YOUR ASSIGNMENT> Restate the listing below word for word. No picture belongs in the result.

SOURCE DATA>
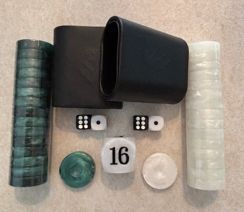 Beautiful complete Accessories set that includes 2 colors of Green and White marbled checkers (30 total), a pair of PU leather dice cups (lined inside and out, Pearl White Doubling Cube and 4 rounded corner dice for a consistant roll . Includes free shipping.
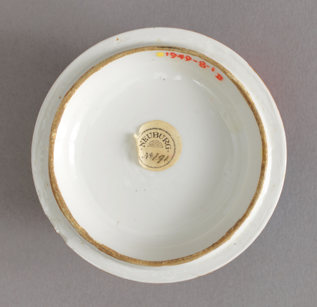 Underside: [1] a shield with criss cross pattern and a circle with three lines within, impressed underglaze (manufactory mark) [2] crowned "V" with "KLESSHEIM" in horizontal bar, printed in red, blue, and silver on paper label [3] "NEUBURG / No.191", printed and written on round paper label [4] two lines, incised underglaze Reverse of lid: [1] "NEUBURG / No.191", printed and written on round paper label
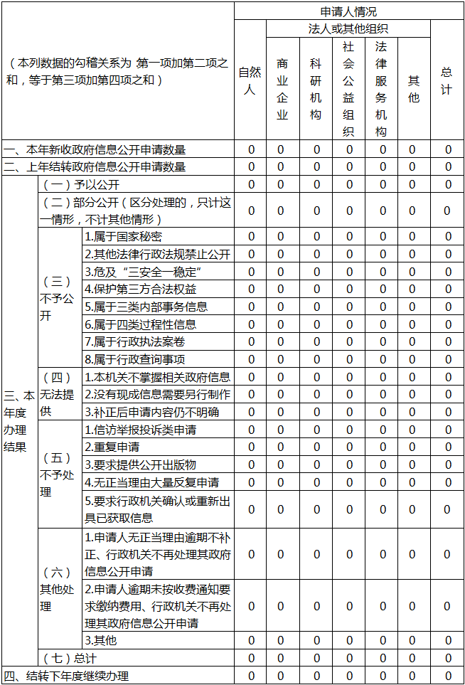 (二)依申请公开。认真学习政府信息依申请公开受理程序,依法依规受理信息公开申请。2025年,我局未收到依申请公开的政府信息公开申请,也没有因政府信息公开而申请行政复议、提起行政诉讼的情况。2024年结转政府信息公开申请0件。

SOLVED PROBLEM>
 Beautiful complete Accessories set that includes 2 colors of Green and White marbled checkers (30 total), a pair of PU leather dice cups (lined inside and out, Pearl White Doubling Cube and 4 rounded corner dice for a consistant roll . Includes free shipping.
 Underside: [1] a shield with criss cross pattern and a circle with three lines within, impressed underglaze (manufactory mark) [2] crowned "V" with "KLESSHEIM" in horizontal bar, printed in red, blue, and silver on paper label [3] "NEUBURG / No.191", printed and written on round paper label [4] two lines, incised underglaze Reverse of lid: [1] "NEUBURG / No.191", printed and written on round paper label
 (二)依申请公开。认真学习政府信息依申请公开受理程序,依法依规受理信息公开申请。2025年,我局未收到依申请公开的政府信息公开申请,也没有因政府信息公开而申请行政复议、提起行政诉讼的情况。2024年结转政府信息公开申请0件。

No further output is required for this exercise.